●一般質問「社会保障と税の一体改革の影響等について」(2012年6月15日) 橋本しげき
◯24番(橋本しげき君)  今回の一般質問、私は、社会保障と税の一体改革の影響について、市内で大型マンション建設計画が相次いでいることについて、原発ゼロを進めることについての大きく3点の質問をいたします。

 まず大きな1点目に、社会保障と税の一体改革の影響についてです。野田民主党政権は、マニフェストを捨て去り、今国会で消費税増税法案を不退転の決意で成立させようとしています。野田政権は、富裕層や大企業への優遇税制は温存する一方で、庶民には大増税を押しつけようとしています。その上、社会保障は大改悪のオンパレードです。現在、情勢は動いておりますが、一体改革の中身は年金の支給額の引き下げ、医療費の負担増、介護保険料の値上げとサービス切り捨て、保育の公的責任放棄などであり、自・公政権でさえここまでやらなかった大改悪がメジロ押しです。消費税増税と社会保障の改悪で何と約20兆円もの前代未聞の庶民負担増になるのです。社会保障は切り捨て、消費税増税だけがのしかかる。これでは消費税は社会保障のためだなどという説明は全く成り立たないではありませんか。しかも、既に消費税増税を当て込んで無駄遣いが拡大し、かえって財政を悪化させる兆候があらわれています。総事業費9,000億円もの八ッ場ダム建設復活、1メートルつくるのに1億円もかかる外環道路建設推進などはその象徴です。無駄遣いを温存・拡大したままの消費税増税は許されません。

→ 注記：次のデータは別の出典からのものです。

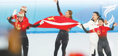 第九届亚冬会短道速滑女子3000米接力A组决赛,中国队夺得冠军。 新华社记者杨磊摄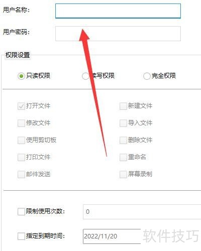 4、 在弹出窗口中,设置“用户名、用户密码、权限”等参数

 しかも、消費税増税は被災者にも容赦なく降りかかります。これはまさに復興に逆行するやり方です。消費税増税は家計を大きく冷え込ませ、景気はさらに大きく落ち込んでしまいます。これでは結局税収もふえません。この消費税増税法案に関し、民主、自民、公明の3党で修正協議が行われています。どんな世論調査でも国民の60%前後は消費税増税に反対しており、この間の国会審議を通じても国民多数の反対は揺るぎません。増税大連合による密室協議の増税談合は民意に真っ向から背くものです。日本共産党は、国民の世論と運動をさらに広げて、消費税増税法案を廃案に追い込むために全力を尽くす決意を表明するものです。

 では、消費税増税ではなく、どうやって社会保障と財政再建の財源をつくることができるのか。日本共産党は2月に、消費税大増税ストップ、社会保障充実、財政危機打開の提言を発表しました。ここでは、消費税に頼らない別の道があることを具体的に提案しています。2段階で社会保障と財政再建の財源を生み出します。

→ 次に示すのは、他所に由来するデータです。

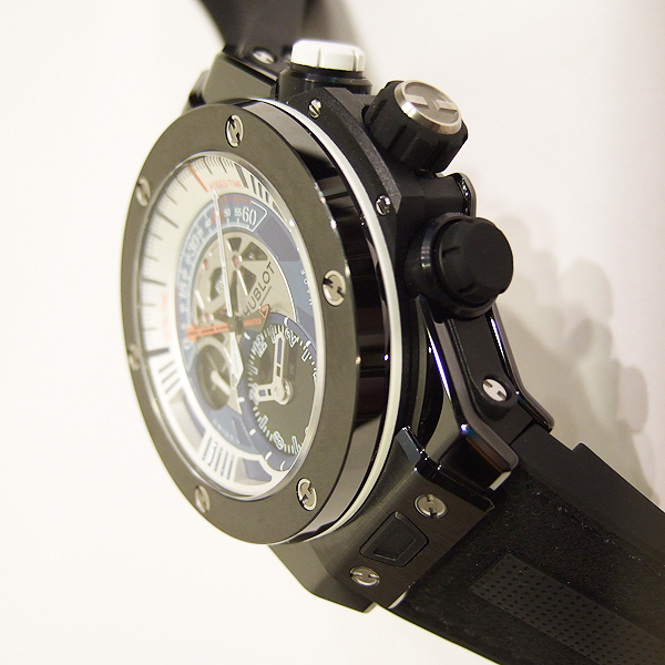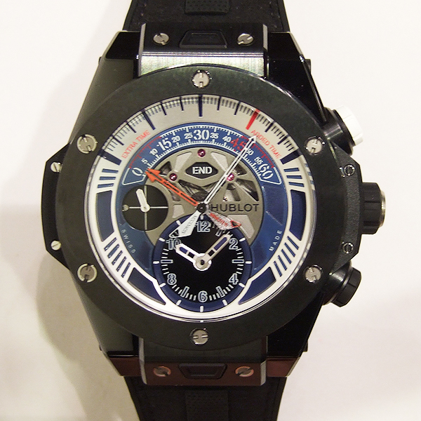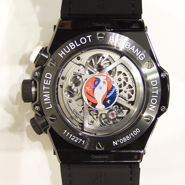 BIG BANG UNICO 2016 年歐洲杯足球賽限量計時碼錶/ 全球限量 100 只/ 型號:413.CX.7123.LR.EUR16/ 採瑞士採原廠自製自動上鏈機芯,機芯編號 :HUB 1261/ 具時ˋ分指示/ 雙逆跳計時碼錶功能/ 歐洲杯配色鏤空面盤/ 立體標誌線時標/ 銀色指針(具夜光效果)/ 鋼質錶殼 PVD 黑色,黑色陶瓷錶圈/ 大型錶冠/ 手錶尺寸: 45mm 錶徑/ 防眩藍寶石水晶玻璃鏡面/ 透明後底蓋/ 搭配原廠黑色橡膠錶帶/ 原廠摺疊式錶扣/ 防水: 100米 |

 日本共産党の財源提案の中身を簡潔に紹介したいと思います。

 第1段階では、まず無駄を徹底して削ることです。不要不急の大型公共事業を見直し、原発推進予算の削減、米軍思いやり予算を初め年間5兆円の軍事費削減、機密費の廃止など、聖域のない無駄削減を行います。政治家みずから身を削るというなら、民意を削る衆議院の比例定数削減ではなく、日本共産党以外の政党にばらまかれている政党助成金320億円こそまず廃止すべきではないでしょうか。これらで3.5兆円の財源をつくります。

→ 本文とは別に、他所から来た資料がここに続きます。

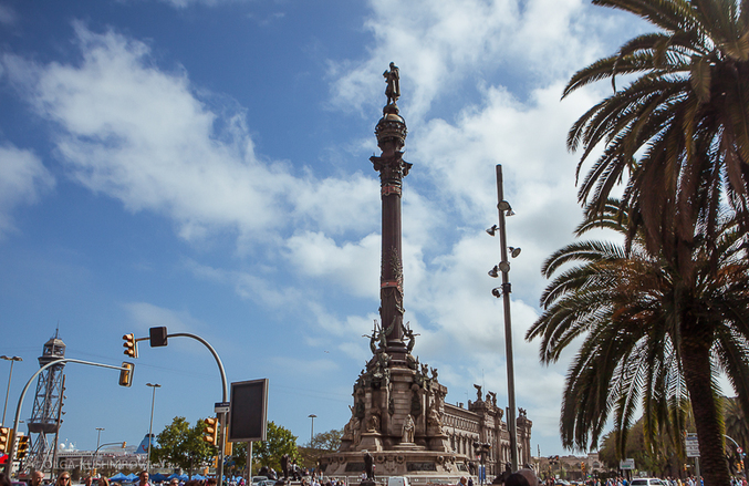 Впереди памятник Колумбу. Именно на этой площади он представил доклад королевской чете о путешествии в Америку.

 また、増税はまず富裕層から、そしてさらなる大企業減税をやめるべきです。財政危機のもとでも富裕層や大企業には減税が繰り返されてきました。今年度も富裕層や大企業に1.7兆円の新たな減税をばらまきます。そのため、年所得が1億円を超えると税負担が逆にどんどん軽くなっていく。大企業は手厚い優遇税制で実質税負担率は10%台などとなっています。このような異常な不公平を正し、富裕層や大企業に対し負担能力に応じた税負担を求めます。これで8から11兆円の財源をつくります。

 これらで生みだした財源で社会保障再生計画を実行します。減らない年金を実現し、無年金、低年金の解決に踏み出す。医療の窓口負担を軽減し、医療崩壊を立て直す。特養ホームの待機者をなくし、安心して利用できる制度にする。待機児童を解消するなどを行います。

 次に第2段階では、社会保障を先進水準へと抜本的に拡充します。そのための財源は国民全体で支える必要が出てきます。その場合でも、所得の低い人ほど重い負担になる最も不公平な消費税ではなく、所得による累進性を高めて負担能力に応じた負担を貫いた税制改革を行います。これで6兆円の財源をつくります。

 さらに、第1段階、第2段階を通じて同時並行で、国民の所得をふやし経済を健全に成長させることで税収をふやします。人間らしく働ける雇用のルールをつくり、最低賃金を引き上げる。中小企業への支援を強化する。原発ゼロ・自然エネルギーへの転換を図る。安心の子育て社会を目指すなどで国民の暮らしを支えてこそ、消費もふえ景気も回復します。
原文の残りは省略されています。